Table 2 presents the prevalence estimates and odds ratios of ADRD diagnosis among TF adults compared to their matched CM and CW referents. In the full cohort, ADRD prevalence was 4.8% among TF adults, compared with 2.7% in CM and 3.0% in CW referents. The unadjusted odds of ADRD were significantly higher for TF adults relative to both CM (OR = 1.81; 95% CI: 1.29–2.54) and CW referents (OR = 1.65; 95% CI: 1.17–2.31). After adjusting for enrollment time, the associations were no longer statistically significant.
The prevalence of ADRD among TF individuals with a history of GAHT was 4.7%, compared to 2.2% in CM and 2.3% in CW referents. In analyses restricted to TF adults with evidence of GAHT and their cisgender referents, the odds of ADRD remained significantly elevated. The strength of these associations was slightly greater than those observed in the crude models of the overall cohort (versus CM: OR = 2.18; 95% CI: 1.43–3.34 and versus CW: OR = 2.08; 95% CI: 1.36–3.18). After adjusting for enrollment time, the associations remained significant, though the magnitude was attenuated relative to both CM (aOR = 1.75; 95% CI: 1.13–2.69) and CW referents (aOR = 1.70; 95% CI: 1.11–2.60).
Among TF cohort members from minoritized ethnoracial groups, ADRD prevalence was 3.1%, compared to 2.3% in CM and 1.5% in CW referents. The odds of ADRD among TF adults was not appreciably different from either CM or CW referents in unadjusted or adjusted analyses. However, these results were imprecise due to the small numbers of ADRD cases in this group.
DISCUSSION
4
This study builds on the limited but growing body of research examining ADRD in transgender populations by providing one of the first prevalence estimates of ADRD among TF adults with a history of GAHT and those from minoritized ethnoracial groups, using EHR data from a large, multi‐site integrated health system. Consistent with our hypothesis, TF adults had a significantly higher prevalence of ADRD compared to their matched CM and CW referents, but after adjusting for enrollment time, the associations were no longer significant, though the 95% CI ranged from 0.99 to 1.97 for the TF versus CM comparison and 0.92 to 1.82 for the TF versus CW comparison. Restricting the analysis to TF adults with a documented history of GAHT revealed a sustained and statistically significant association with ADRD, with effect sizes modestly exceeding those observed in the overall cohort. While adjusting for enrollment time reduced the strength of these associations, they remained significant relative to both CM and CW referent groups. Among TF adults from minoritized ethnoracial groups, ADRD prevalence was low and not appreciably different from that of cisgender referent groups, although these results were imprecise due to small case counts. Of note, the age distribution of the STRONG 2.0 cohort is younger than traditional aging cohorts, with most participants in their late sixties to early seventies at the end of follow‐up. Because ADRD prevalence rises sharply in adults over age 75, this younger age profile likely contributed to the low number of ADRD cases observed in both TF and cisgender groups. As a result, prevalence estimates should be interpreted cautiously, although the matched design ensures that our relative comparisons are not biased by these age differences.

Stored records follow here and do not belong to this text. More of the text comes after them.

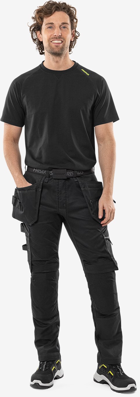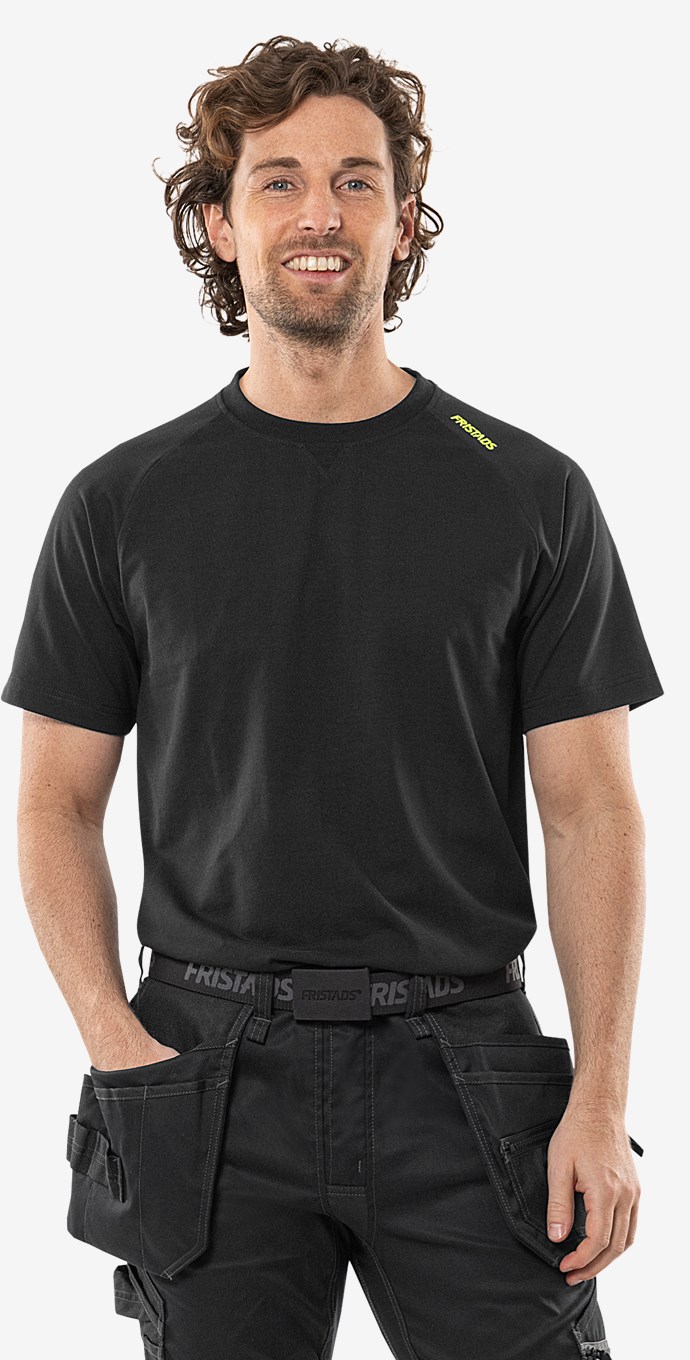 Vahva ja joustava T-paita kierrätetystä polyesterista ja puuvillasta. Tukeva neljään suuntaan joustava materiaali tarjoaa erinomaisen mukavuuden, kestävyyden ja siistin viimeistelyn. PFAS vapaa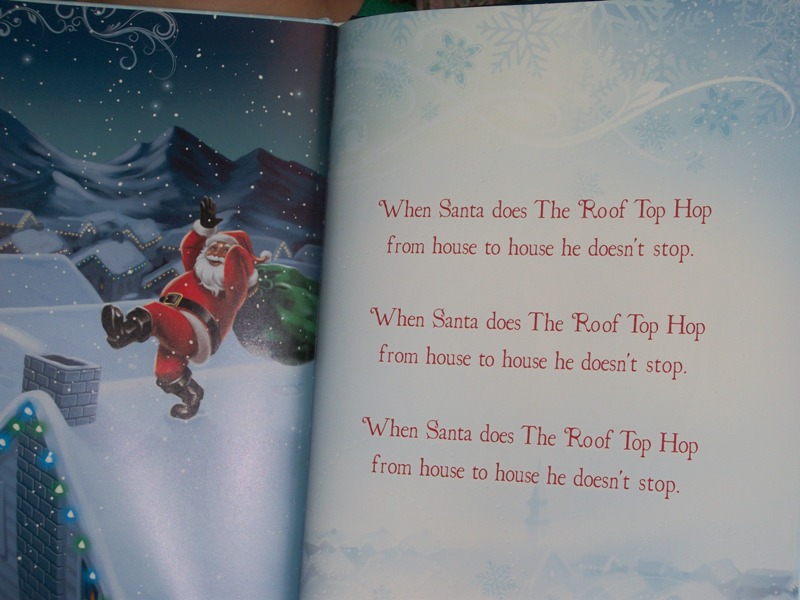 The Pictures in the book are beautiful; I love how Santa looks and the fun part is the DVD has the entire book on the DVD as well so you can pop the DVD in the DVD Player and put the book on the “big” screen and you can read aloud. That what we did and my toddler loved it. She has been asking can I hear it again, please … and now she is trying to learn the The Roof Top Hop .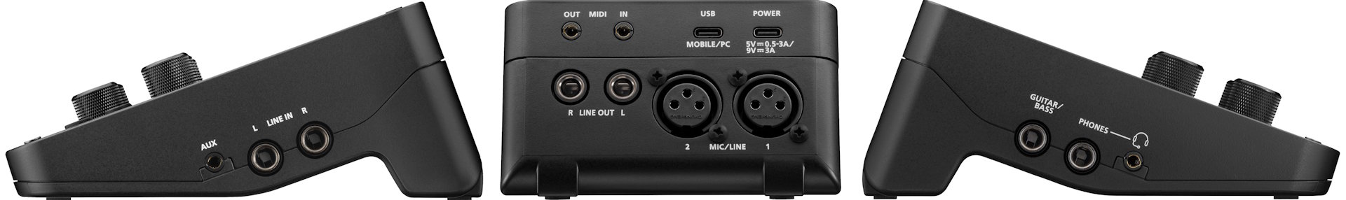 La Go:Mixer Studio admite dos entradas 1/4"/XLR con alimentación phantom, una entrada de guitarra/bajo, dos entradas de línea 1/4" (I/D), una entrada auxiliar 1/8" y una entrada de micro para auriculares. La interfaz emite audio analógico mezclado a través de las salidas de línea y de auriculares, o audio digital a 24 bits, 44,1 kHz a 192 kHz a través del puerto USB-C.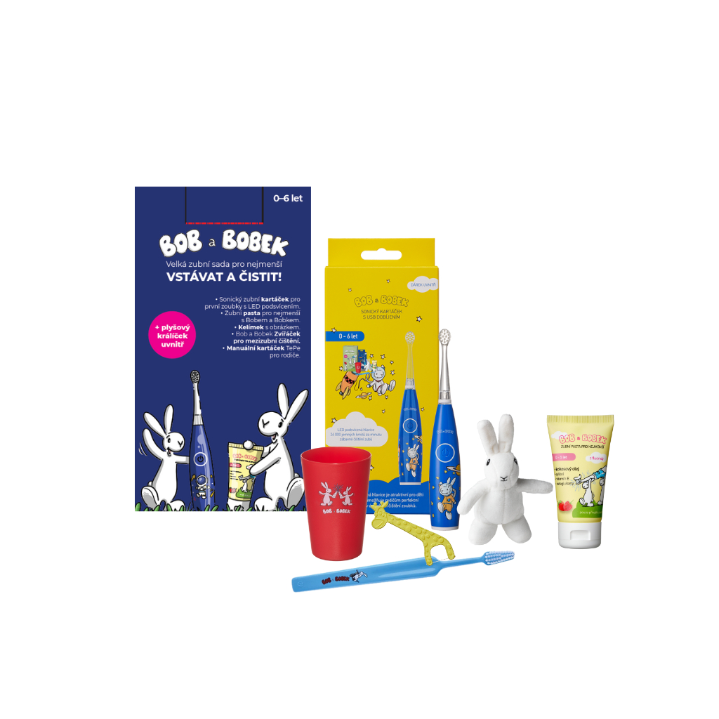 Bob a Bobek darčeková sada – Veľká zubná sada pre najmenších s modrou sonickou kefkou a USB nabíjaním
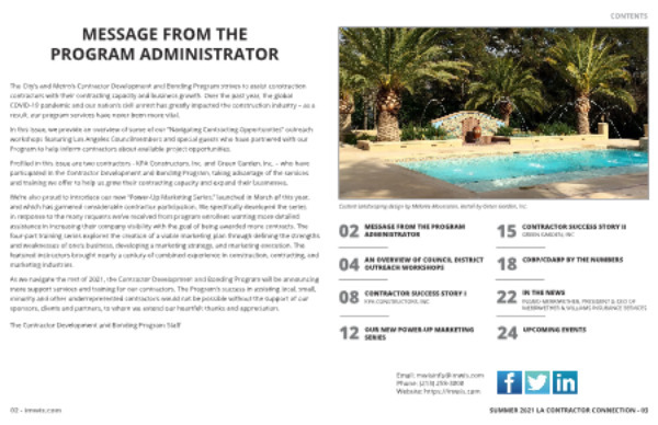 In this issue , we provide an overview of some of our “ Navigating Contracting Opportunities ” outreach workshops featuring Los Angeles Councilmembers and special guests who have partnered with our Program to help inform contractors about available project opportunities .

Our findings are consistent with prior research. One study using 2009–2017 Medicare fee‐for‐service data examined nearly 10,000 age‐entitled transgender beneficiaries (ages 65 years and older) and a 5% random sample of cisgender beneficiaries. After adjusting for age, race/ethnicity, census region, and months of enrollment, the predicted probability of ADRD among TF Medicare beneficiaries was about 20%, higher than the corresponding probabilities of 12% among CM and 14% among CW.14 Similar to the STRONG cohort, transgender status in this study was identified using a combination of transgender‐related diagnosis and procedure codes, including endocrine not otherwise specified (NOS) diagnoses in conjunction with gender‐affirming procedures or hormone prescriptions. A second study,13 using EHR and survey data from the All of Us Research Program, offers partial comparability. In that study, TF individuals were divided into two groups: those who self‐identified as transgender and those who could be characterized as gender diverse (e.g., genderqueer, genderfluid, gender variant, two‐spirit, questioning, or unsure). The gender diverse group in that study had a 2.5‐fold higher odds of ADRD relative to cisgender individuals. In contrast, the corresponding odds of ADRD were 20% lower in TF persons who identified as transgender relative to cisgender individuals. The results from the All of Us Research Program may not be directly comparable to our findings because our study employed different operational definitions of transgender status and used separate CM and CW reference groups.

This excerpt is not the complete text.